Track: Regular Track (Page limit: 6-8 pages)
Keywords: Scientific Machine Learning, Climate Modeling, Universal Differential Equations, Neural Ordinary Differential Equations, Energy Balance Models, Symbolic Regression, Carbon Cycle Dynamics, Climate-Carbon Feedback, Physics-Informed Machine Learning, Sparse Identification of Nonlinear Dynamics (SINDy), General Circulation Models (GCMs), Earth System Models (ESMs), Climate Forecasting, Mechanistic Interpretability, LASSO Regression, CO₂ Concentration Modeling, Temperature Anomaly Prediction, Biogeochemical Cycles, Computational Climate Science
TL;DR: Physics-guided neural networks enable accurate, fast, transparent climate modeling for rapid policy scenario testing.

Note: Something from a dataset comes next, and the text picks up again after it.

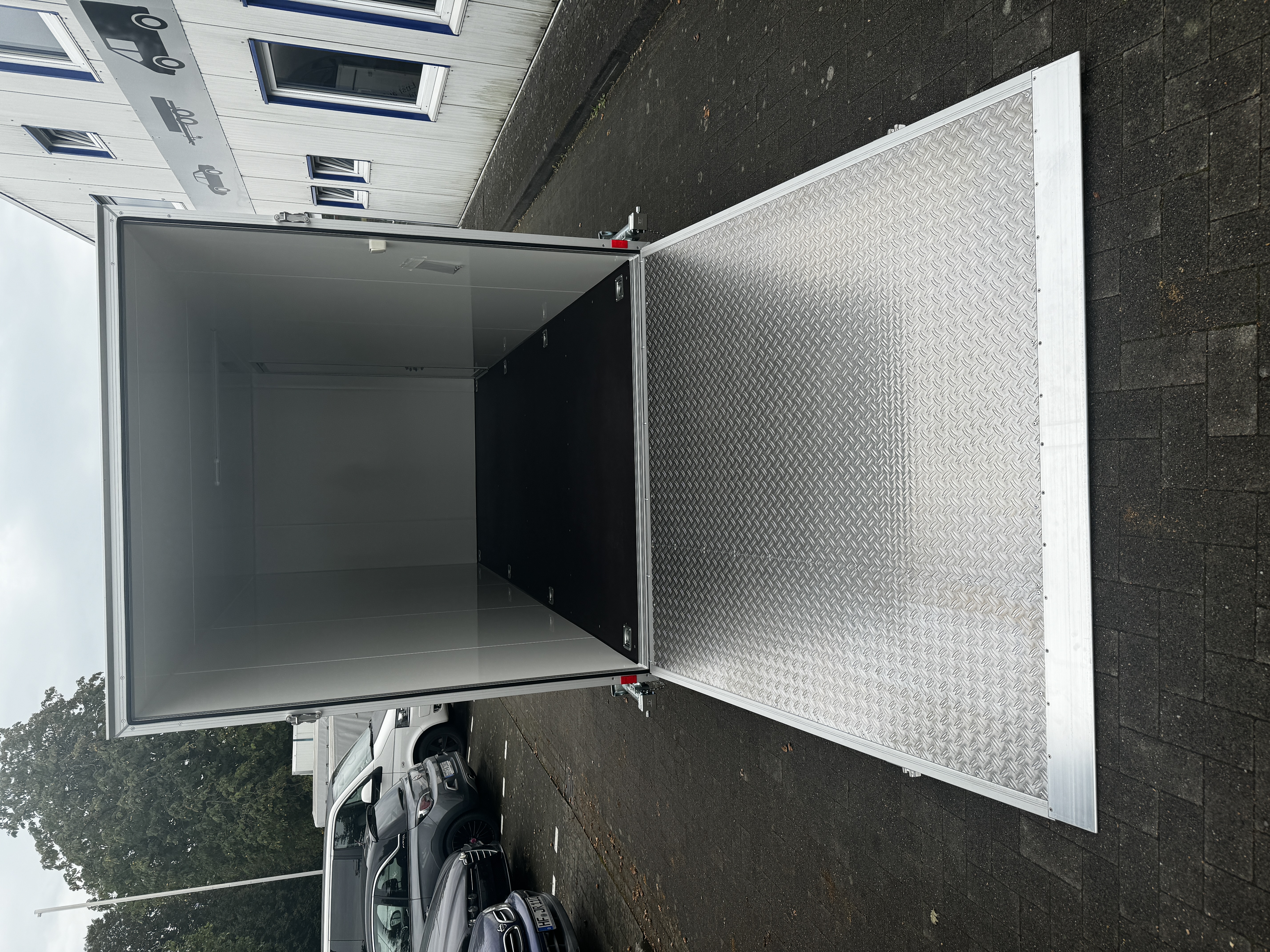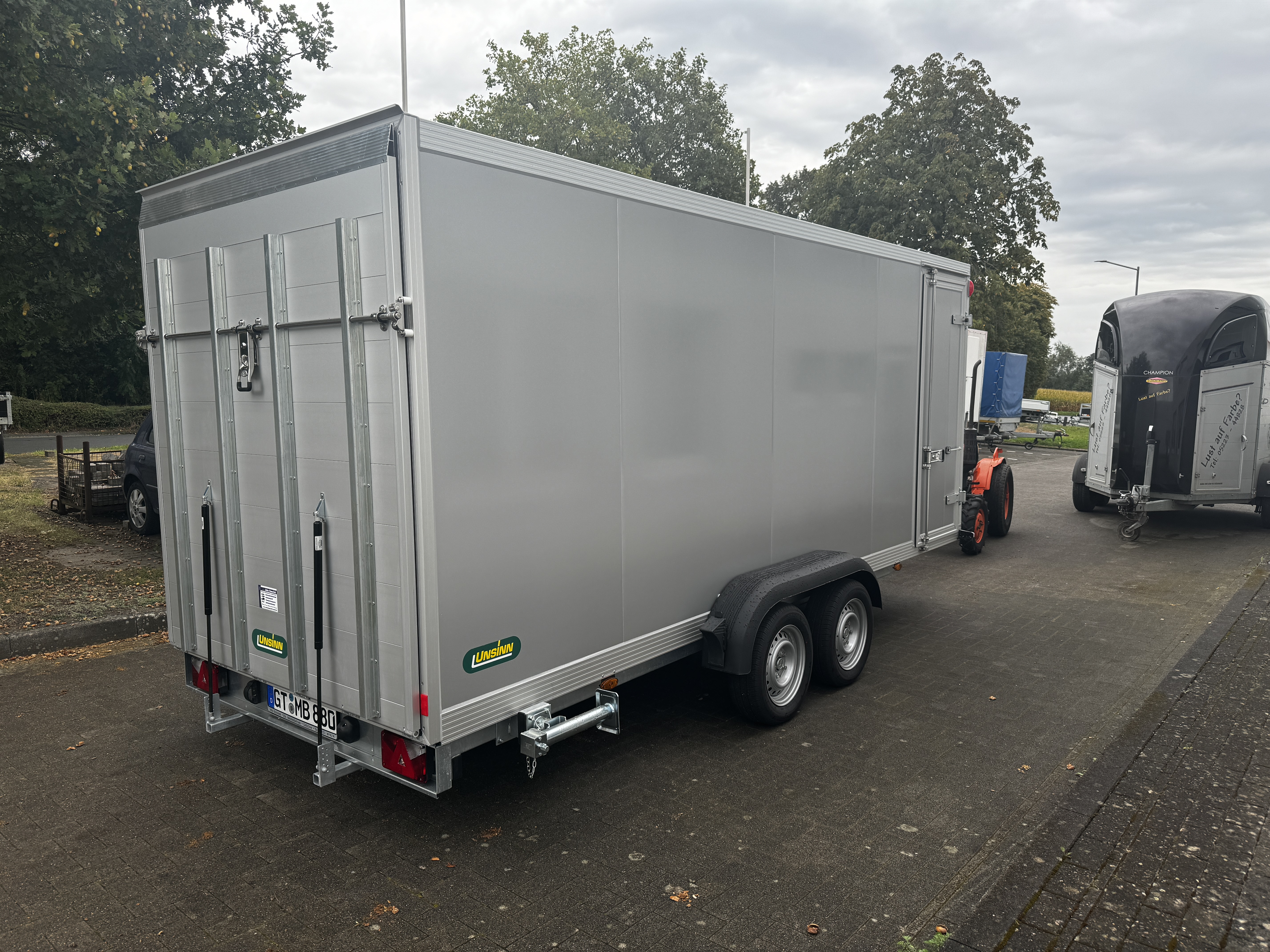 • Doppelflügelige Hecktür mit Gummidichtung, Aluminium-Scharnieren, Edelstahl-Drehstangenverschluss

Abstract: Climate change manifests as a complex, nonlinear dynamical system characterized by intricate interactions among atmospheric CO2 concentrations, surface and ocean temperatures, and anthropogenic forcing. While General Circulation Models (GCMs) and their successors, Earth System Models (ESMs), provide comprehensive simulations by incorporating detailed biogeochemical cycles, their computational demands remain prohibitive for rapid climate scenario exploration. Conversely, classical Energy Balance Models (EBMs) offer computational tractability at the expense of predictive accuracy. We present a novel framework that augments EBMs through scientific machine learning, enhancing accuracy while preserving physical interpretability. Specifically, we couple classical energy balance formulations with carbon cycle dynamics and evaluate performance under linearly increasing emission scenarios. Our methodology proceeds systematically: we first investigate Neural Ordinary Differential Equations (Neural ODEs) for climate forecasting, finding limited efficacy. Subsequently, we replace a critical carbon-climate feedback term with a neural network, constructing a Universal Differential Equation (UDE) that achieves error rates below 0.2\% across all climate variables for three distinct initializations. To ensure mechanistic transparency, we employ sparse symbolic regression via LASSO, successfully recovering learned dynamics across three initializations and six noise perturbation levels. Comparative benchmarking against statistical baselines (VAR and ARIMA) demonstrates superior forecasting performance in data-scarce regimes with known physical constraints. Our results establish that UDEs enable accurate climate state prediction while symbolic regression maintains interpretability, yielding a computationally efficient framework for rapid climate scenario exploration and mechanistically transparent climate modeling.